Input data

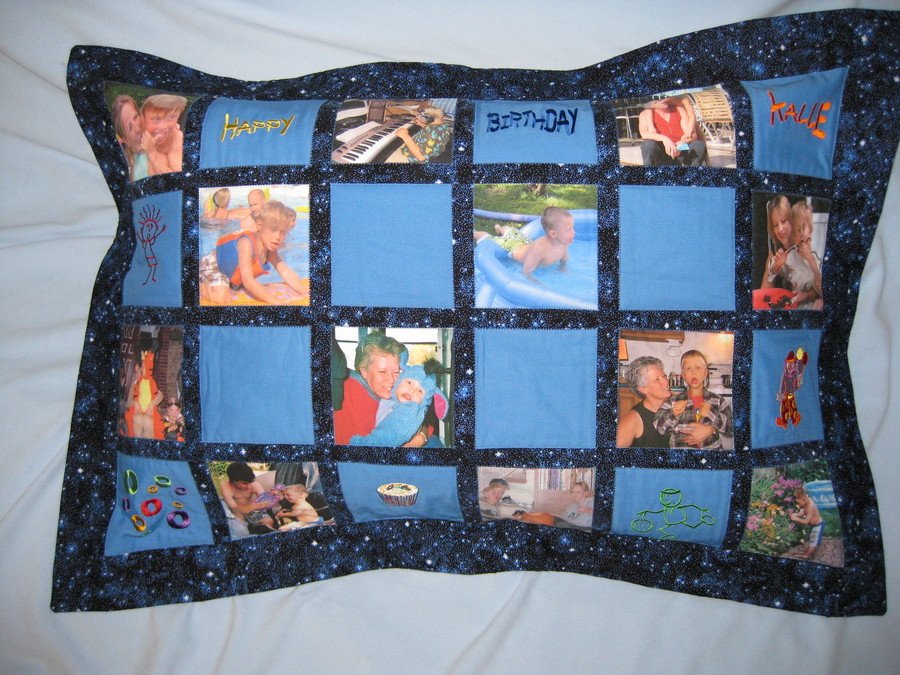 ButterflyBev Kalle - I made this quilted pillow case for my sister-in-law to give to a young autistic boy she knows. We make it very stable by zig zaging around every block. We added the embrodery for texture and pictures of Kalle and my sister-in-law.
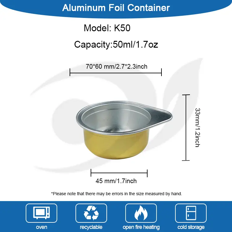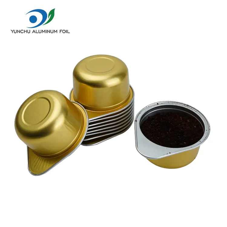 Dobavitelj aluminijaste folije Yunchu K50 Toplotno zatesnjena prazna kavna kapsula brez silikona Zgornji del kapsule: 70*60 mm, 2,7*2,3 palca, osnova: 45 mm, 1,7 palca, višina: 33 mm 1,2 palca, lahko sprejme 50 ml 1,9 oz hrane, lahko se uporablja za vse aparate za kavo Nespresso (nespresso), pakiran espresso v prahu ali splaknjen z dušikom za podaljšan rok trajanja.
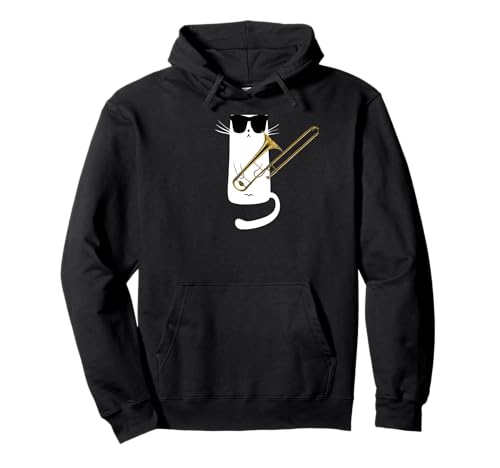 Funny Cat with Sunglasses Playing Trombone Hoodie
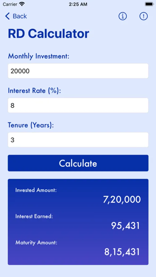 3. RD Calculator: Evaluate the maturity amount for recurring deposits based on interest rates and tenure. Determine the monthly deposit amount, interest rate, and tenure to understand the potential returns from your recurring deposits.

Problem statement
Transcribe the whole listing exactly but exclude images.

Task answer
 ButterflyBev Kalle - I made this quilted pillow case for my sister-in-law to give to a young autistic boy she knows. We make it very stable by zig zaging around every block. We added the embrodery for texture and pictures of Kalle and my sister-in-law.
 Dobavitelj aluminijaste folije Yunchu K50 Toplotno zatesnjena prazna kavna kapsula brez silikona Zgornji del kapsule: 70*60 mm, 2,7*2,3 palca, osnova: 45 mm, 1,7 palca, višina: 33 mm 1,2 palca, lahko sprejme 50 ml 1,9 oz hrane, lahko se uporablja za vse aparate za kavo Nespresso (nespresso), pakiran espresso v prahu ali splaknjen z dušikom za podaljšan rok trajanja.
 Funny Cat with Sunglasses Playing Trombone Hoodie
 3. RD Calculator: Evaluate the maturity amount for recurring deposits based on interest rates and tenure. Determine the monthly deposit amount, interest rate, and tenure to understand the potential returns from your recurring deposits.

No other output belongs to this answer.